Then the “problems” began. Apparently she wasn’t as quick as his previous legal secretary. Within 3 months she was let go for her non-productivity. That’s when she walked into my office.

So here was a woman over 40, raising some kids on her own, steady job for 15 years, promises of green pasture and then out on the streets 3 months later without so much as a “sorry.” How would you feel if that was you… or your sister? How do think 12 jurors might feel about law firms who treat people this way?

The “old” Don would have loved to mess with this firm. They weren’t especially nice to me on a case I had litigated against them a few years prior. If I could have somehow squeezed past all the motions to dismiss, etc. and taken it to a jury it would be game over. However, this being the kinder and gentler me, and someone who has learned that litigation is a poor substitute for the taking of personal responsibility and moving on, I asked a different set of questions. Such as, “What was your responsibility in all of this?” “Were you crystal clear about what it took to be a success in this position or did you simply have your fingers crossed?” (As Mary Kay so famously stated, “Most folks spend more time planning their vacations than their careers.”)

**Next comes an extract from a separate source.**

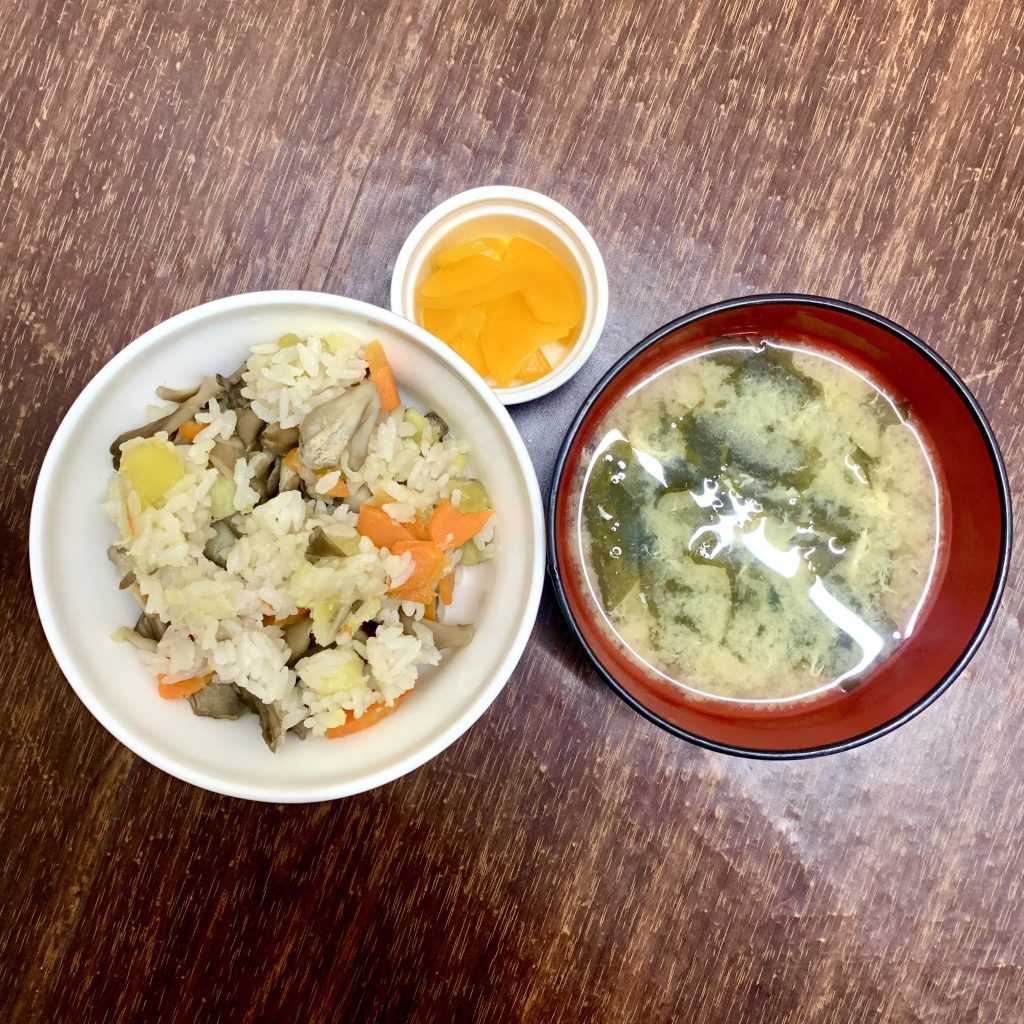 本日の献立:サツマイモご飯、わかめと玉子のお味噌汁、つぼ漬け
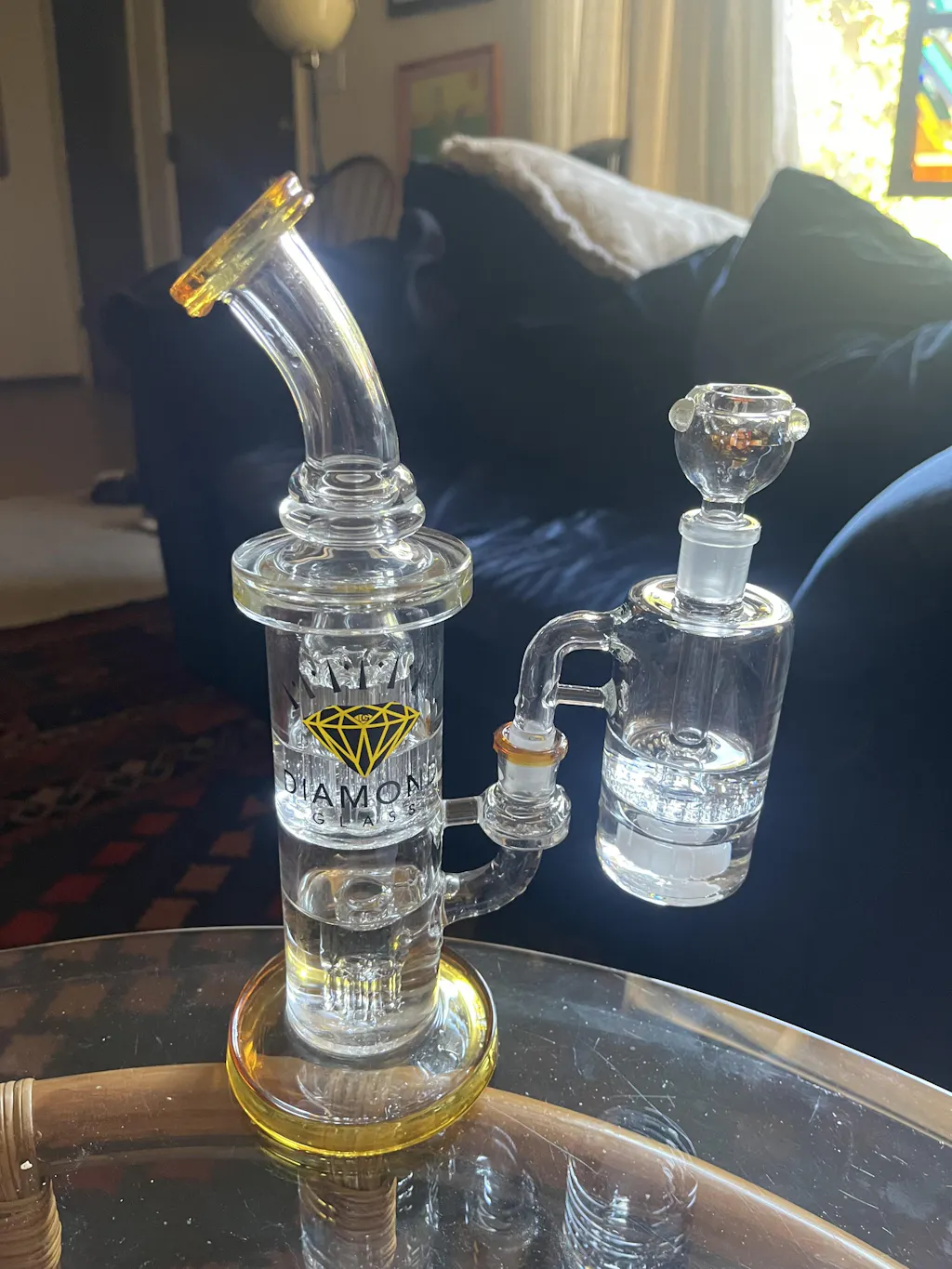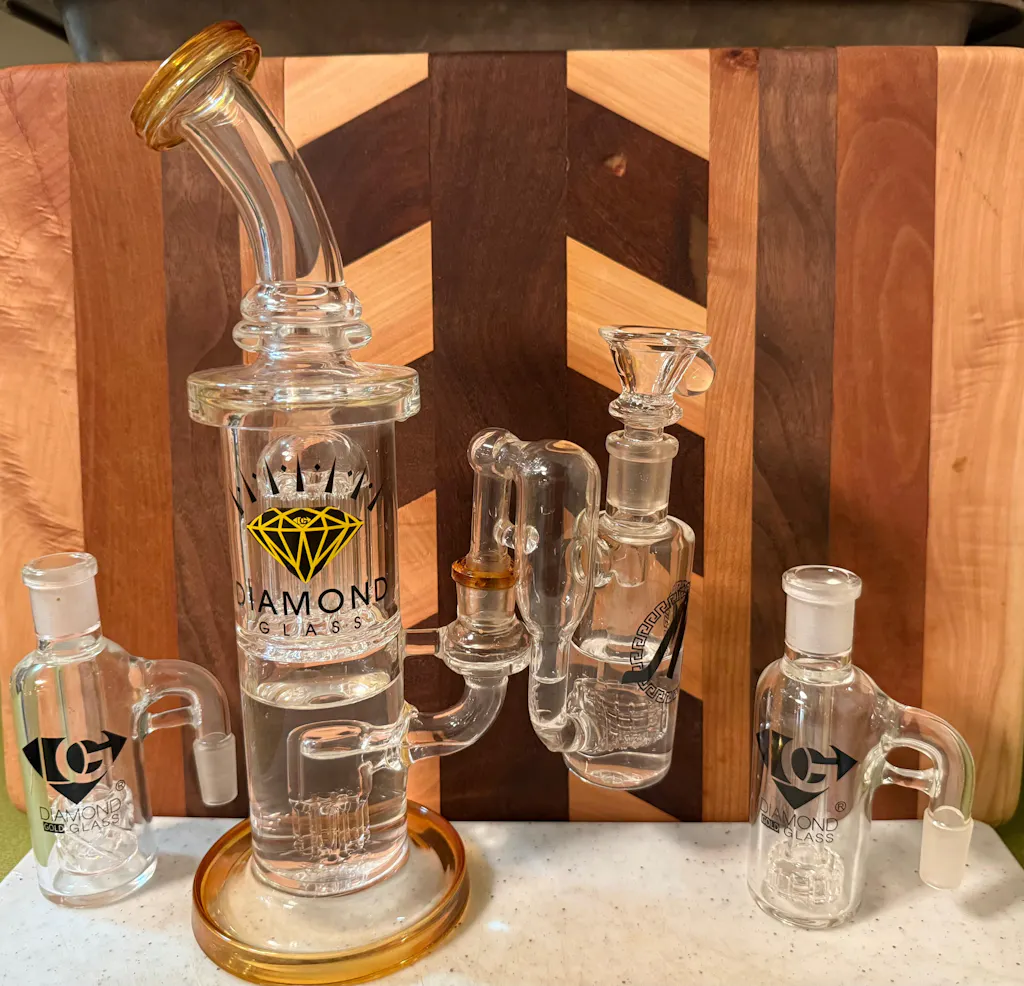 11” Diamond Trophy Rig with Double Percs, by Diamond Glass (free banger included)

What does a litigation secretary do 80% of the day? Type. Did the firm or partner have a typing test requirement? Of course not. So what do you think their typing standard was for that job to be a success in it? The client was astute enough to say, “My guess is the speed met by the previous legal secretary.” And what was that? Who knew? When I asked what her typing speed was she said approximately 80 words per minute in a test she took herself some years ago. (Just an OK typing speed for a high end legal secretary—I never hired less than 100 wpm.) When I tracked down the previous legal secretary she said at least 100 WPM. So there you have it. This legal secretary was a failure the first day on the job and NOBODY KNEW ABOUT IT!

How many employees, not just legal secretaries, are failures on their first day of hire? Fact is, there is no substitute for testing on all aspects of employee performance. For example, you can do an online typing test of your existing secretaries to generate a hiring benchmark and to see who may need some additional training. Here’s an example of one such test. http://www.previsor.com/pdf/FactSheets/Fact_Sheet_Typing.PDF. While you are at it, have the attorneys and legal secretaries create a substantive knowledge test too. If it’s a litigation secretary test their procedural knowledge. If it is a secretary to an estate planning attorney you can test for the relevant knowledge there too. I bet half of all applicants and half of all employees will do better than the other half.

There you have it. A simple formula: test for it if it’s important to you. The failure to do so will guarantee failed employees.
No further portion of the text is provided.